If there is no compatible map between the data-type and wire-type, then the data cannot be read, and this error is raised.
如果数据类型和线类型之间没有兼容映射,则无法读取数据,并引发此错误。
Now let's look at why this occurs in the scenario here:
现在让我们看看为什么会在此处的场景中发生这种情况:
[ProtoContract]
public class Data1
{
[ProtoMember(1, IsRequired=true)]
public int A { get; set; }
}
[ProtoContract]
public class Data2
{
[ProtoMember(1, IsRequired = true)]
public string B { get; set; }
}
class Program
{
static void Main(string[] args)
{
var d1 = new Data1 { A = 1};
var d2 = new Data2 { B = "Hello" };
var ms = new MemoryStream();
Serializer.Serialize(ms, d1);
Serializer.Serialize(ms, d2);
ms.Position = 0;
var d3 = Serializer.Deserialize<Data1>(ms); // This will fail
var d4 = Serializer.Deserialize<Data2>(ms);
Console.WriteLine("{0} {1}", d3, d4);
}
}
In the above, two messages are written directly after each-other. The complication is: protobuf is an appendable format, with append meaning "merge". A protobuf message does not know its own length, so the default way of reading a message is: read until EOF. However, here we have appended two differenttypes. If we read this back, it does not knowwhen we have finished reading the first message, so it keeps reading. When it gets to data from the second message, we find ourselves reading a "string" wire-type, but we are still trying to populate a Data1
instance, for which member 1 is an Int32
. There is no map between "string" and Int32
, so it explodes.
在上面,两条消息直接在彼此之后写入。复杂之处在于:protobuf 是一种可追加的格式,其中 append 的意思是“合并”。protobuf 消息不知道自己的长度,因此读取消息的默认方式是:一直读到 EOF。但是,这里我们附加了两种不同的类型。如果我们读回来,它不知道我们什么时候读完第一条消息,所以它一直在读。

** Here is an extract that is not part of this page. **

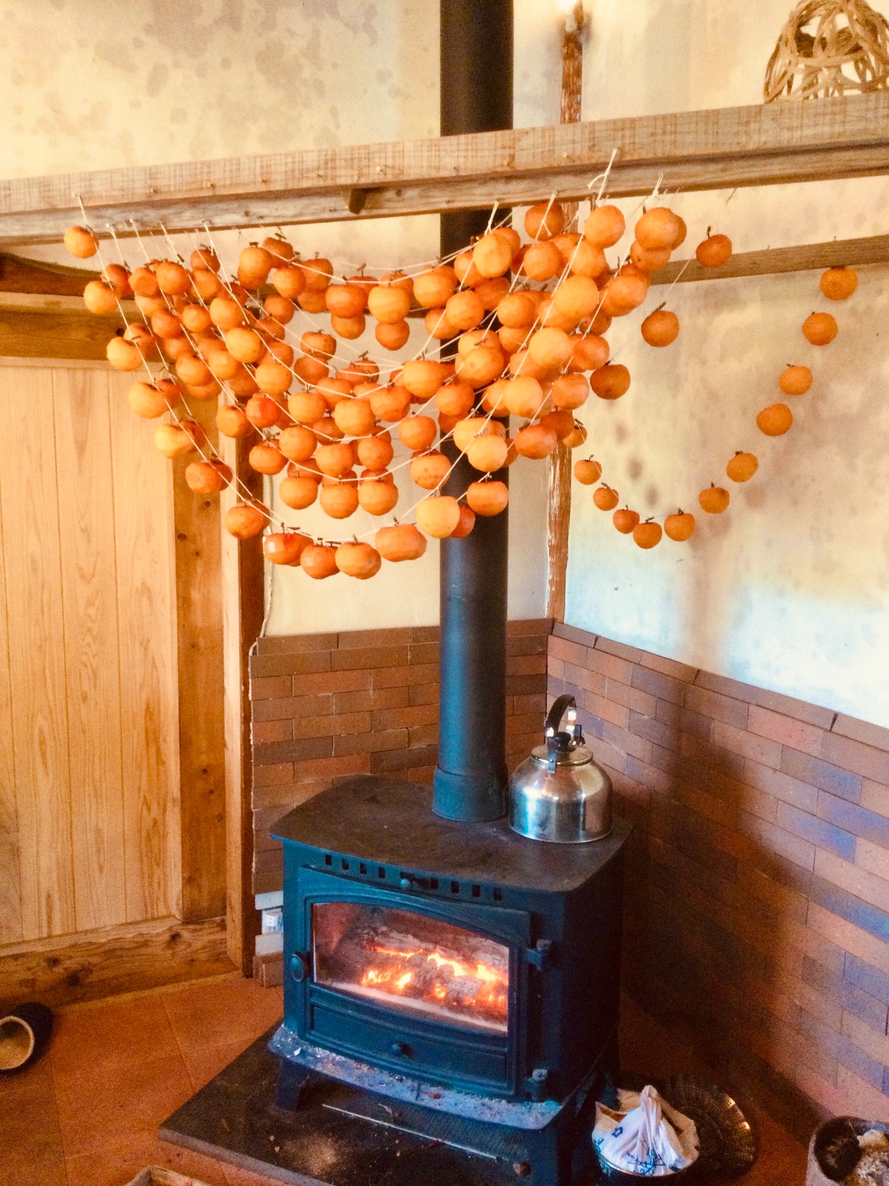 昼はお日さまで、夜は薪ストーブで干しています。熱湯や焼酎に漬けたりせず、こまめに日に当てることで毎年カビることなく干し上がります。もちろん添加物等一切無添加です。

当它从第二条消息获取数据时,我们发现自己正在读取“字符串”线类型,但我们仍在尝试填充一个Data1
实例,其成员 1 是Int32
. "string" 和 之间没有映射Int32
,所以它会爆炸。
The *WithLengthPrefix
methods allowthe serializer to know where each message finishes; so, if we serialize a Data1
and Data2
using the *WithLengthPrefix
, then deserialize a Data1
and a Data2
using the *WithLengthPrefix
methods, then it correctlysplits the incoming data between the two instances, only reading the right value into the right object.
这些*WithLengthPrefix
方法允许序列化程序知道每条消息在哪里结束;因此,如果我们序列化 aData1
并Data2
使用*WithLengthPrefix
,然后使用这些方法反序列化 aData1
和 a ,那么它会在两个实例之间正确拆分传入数据,只将正确的值读入正确的对象。Data2
*WithLengthPrefix
Additionally, when storing heterogeneous data like this, you mightwant to additionally assign (via *WithLengthPrefix
) a different field-number to each class; this provides greater visibility of which type is being deserialized. There is also a method in Serializer.NonGeneric
which can then be used to deserialize the data without needing to know in advance what we are deserializing:
此外,当存储像这样的异构数据时,您可能希望额外(通过*WithLengthPrefix
)为每个类分配不同的字段编号;这为正在反序列化的类型提供了更大的可见性。还有一种方法Serializer.NonGeneric
可以用来反序列化数据,而无需事先知道我们正在反序列化的内容:
// Data1 is "1", Data2 is "2"
Serializer.SerializeWithLengthPrefix(ms, d1, PrefixStyle.Base128, 1);
Serializer.SerializeWithLengthPrefix(ms, d2, PrefixStyle.Base128, 2);
ms.Position = 0;
var lookup = new Dictionary<int,Type> { {1, typeof(Data1)}, {2,typeof(Data2)}};
object obj;
while (Serializer.NonGeneric.TryDeserializeWithLengthPrefix(ms,
PrefixStyle.Base128, fieldNum => lookup[fieldNum], out obj))
{
Console.WriteLine(obj); // writes Data1 on the first iteration,
// and Data2 on the second iteration
}
回答by Kirk Woll
Since the stack trace references this StackOverflow question, I thought I'd point out that you can also receive this exception if you (accidentally) deserialize a stream into a different type than what was serialized. So it's worth double-checking both sides of the conversation to ensure this is not happening.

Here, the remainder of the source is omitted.